L’analyse de l’évolution des ensembles (Figure 12) montre que les annonces publiées dans le Sud présentent davantage le contexte de la maison, alors que celle publiées dans le Nord parlent plus des pièces et des équipements. Cette tendance est confirmée par l’analyse des plus fortes variations moyennes des classes (Figure 13) qui montre que les occurrences et la croissance des classes qui référent aux espaces intérieurs (« espace sociaux », « espaces privatifs », « cuisine » et « hygiène personnelle ») sont plus importantes dans l’Ouest et le Nord que dans le Sud.

Cette tendance est confirmée dans l’analyse des objets les plus importants dans les différentes régions (cf. 3.2.4, 3.2.5 et 3.2.6) qui montre que dans le Sud, seule la « chambre » est importante alors que dans le Nord et dans l’Ouest, elle est rejointe par le « séjour », la « cuisine » et la « salle de bain ». Dans le Sud, les objets qui ont le plus progressé renvoient au contexte (« environnement », « transports en commun ») et aux équipements de confort (« climatisation », « chauffage fioul », « piscine »).
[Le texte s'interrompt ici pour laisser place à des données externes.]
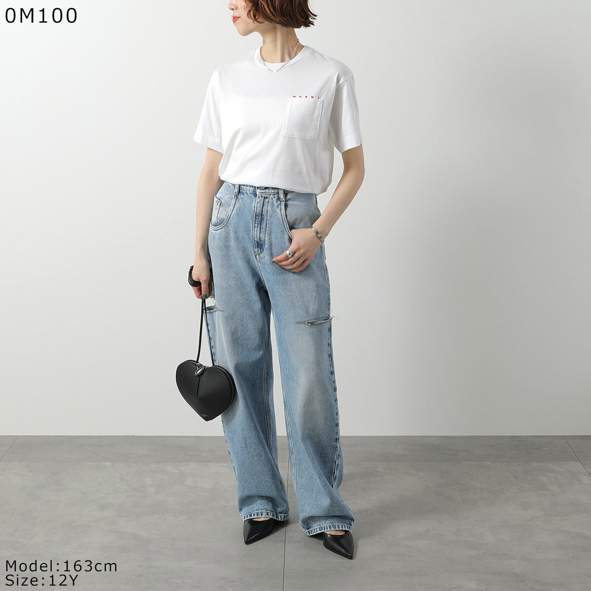 MARNI KIDS マルニ キッズ Tシャツ M01415 M00RF レディース ガールズ 半袖 カットソー 胸ポケット クルーネック ロゴT カラー2色

Dans le Nord, les références au contexte progressent fortement (« secteur », « lotissement » et « écoles »), mais également les références aux pièces de la maison (« salon-séjour », « repas », « salle de douche », « rez-de-chaussée », « parking », « parquet » et « volume »). Il en est de même dans l’Ouest, avec des fortes progressions des objets qui renvoient au contexte (« quartier », « impasse », « proche commodités », « transports en commun » et « sans vis-à-vis »), mais aussi de ceux qui composent la maison (« volume », « parquet », « pièce de vie » et « salle d’eau »).

Ces résultas montrent que dans les régions de l’Ouest et du Nord, l’intérieur de la maison prend plus d’importance que dans le Sud, où les références au contexte priment. Il serait possible d’avancer que ces résultats reflètent les modes de vie du Sud où l’on habite plus souvent à l’extérieur de la maison que dans le Nord. On peut aussi y voir une incidence de la différence entre les maisons plus rurales vendues par la Dépêche du Midi et les maisons plus urbaines des autres publications.